Sketch comedy is the medium in which an original voice is most important in order to be successful. Without the same club route that stand-ups have, a sketch comedy troupe’s only real chance of lasting success is to be picked up for a television/radio pilot and become a brand in their own right.
There is nothing quite like them and one gets the feeling that’s because nobody could walk their particular tightrope with such fearless ambition.
Volume Three is strikingly different from its two predecessors. In a room decidedly less intimate than its precursors, Gein’s Family Giftshop entertain their biggest audiences ever this year with their unique brand of gross-out, unsettling comedy. The other big change comes from the (seemingly temporary) loss of their third performing member James. He is replaced in some sketches and removed in others, but his absence is unfortunately felt even outside of the explicit references to it. Gein’s Family Giftshop continue on regardless though and the audience are thankful for it. We are treated to an hour of blood, bodies, laughs and intentional but uncomfortable silences, as there is no sketch group better at cultivating their own atmosphere than Gein’s Family Giftshop.

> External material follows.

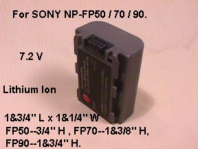 This is a SONY made battery for SONY Camcorder. 7.2 V , 1800 mah. Improved version from NP-FP70, This battery has more than twice the capacity than NP-FP50. The height of the battery is 1&3/8". You will have one year's

It is this singular vision, to create a sketch show that is bafflingly both down to earth and absurdly gruesome, which allows Gein’s to smooth over the rougher portions of their show. This volume features numerous ambitious feats of structuring and not all of them are successful (particularly an eleventh-hour twist which is announced like a bombshell but ends up landing unimpressively), but that doesn’t matter when the show feels so intriguing to watch. Gein’s Family Giftshop have to be seen to be believed and even with some experimental slip ups and evident last minute script changes, they are a force to be reckoned with on the Fringe. There is nothing quite like them and one gets the feeling that’s because nobody could walk their particular tightrope with such fearless ambition.